I sold one of these a few years ago that was dead mint for $200 shipped and thought I did well. V/r Shawn


----------



## ZE52414 (Aug 2, 2018)

Freqman1 said:


> I sold one of these a few years ago that was dead mint for $200 shipped and thought I did well. V/r Shawn





I guess me not knowing the difference it could be a j33 fork lmao.


----------



## videoranger (Aug 3, 2018)

Mint in the box the Wally krates will be rusty.


----------



## parkrndl (Aug 3, 2018)

I sold one just like that locally last week for $150.  Same color.  Still have the black and green ones for now.

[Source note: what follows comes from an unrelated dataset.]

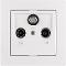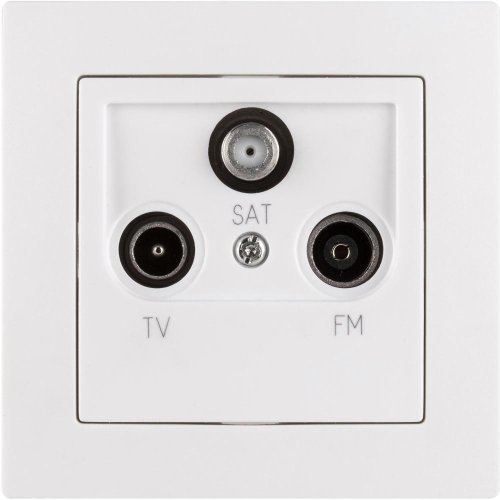 Zásuvka TV+R+SAT rady AMY s rámčekom, priebežná Zásuvka na zapojenie anténnych káblov televízie, rádia alebo satelitu Biela farba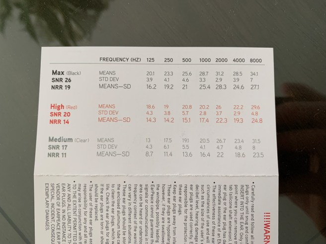 Each set comes with three ear plugs, so in the event you damage or lose one, you don’t have to buy a new set. It’s a nice touch. The plugs come with three different noise filters providing different levels of sound blockage. I only tested the Max filter since I wanted as much noise blocked out as possible. Also included is a metal cylindrical case. You can choose either red or black. I didn’t find the case necessary, so I left it at home.

It's funny because when they first came out, I went to Wally World and bought the green one for, I think, $79.  Then in a few weeks when they went on clearance I bought the black and blue ones for something like $35.

--rick


----------



## ZE52414 (Aug 3, 2018)

This is non sense.


----------



## GTs58 (Aug 3, 2018)

Another fine example of how well educated some people are here in the US.


----------



## pedal4416 (Aug 3, 2018)

This started happening a few years back with the occ chopper Schwinn stingrays. I was working for an eBay store bike shop and we sold one for 899.99! We only got 5-600 for the next couple.


----------



## krateman (Aug 10, 2018)

It's a TOTAL frankenbike. Buy it, part it out.


----------



## krateman (Aug 10, 2018)

Ahh, the prices have gotten crazy, stupid for some of these bikes. Just recently, some idiot was trying or was successful in selling a '69 Krate for like $3000.+ I wanted to write him/her a strongly worded message. I decided to let any sucker buy it, if they were that stupid.


----------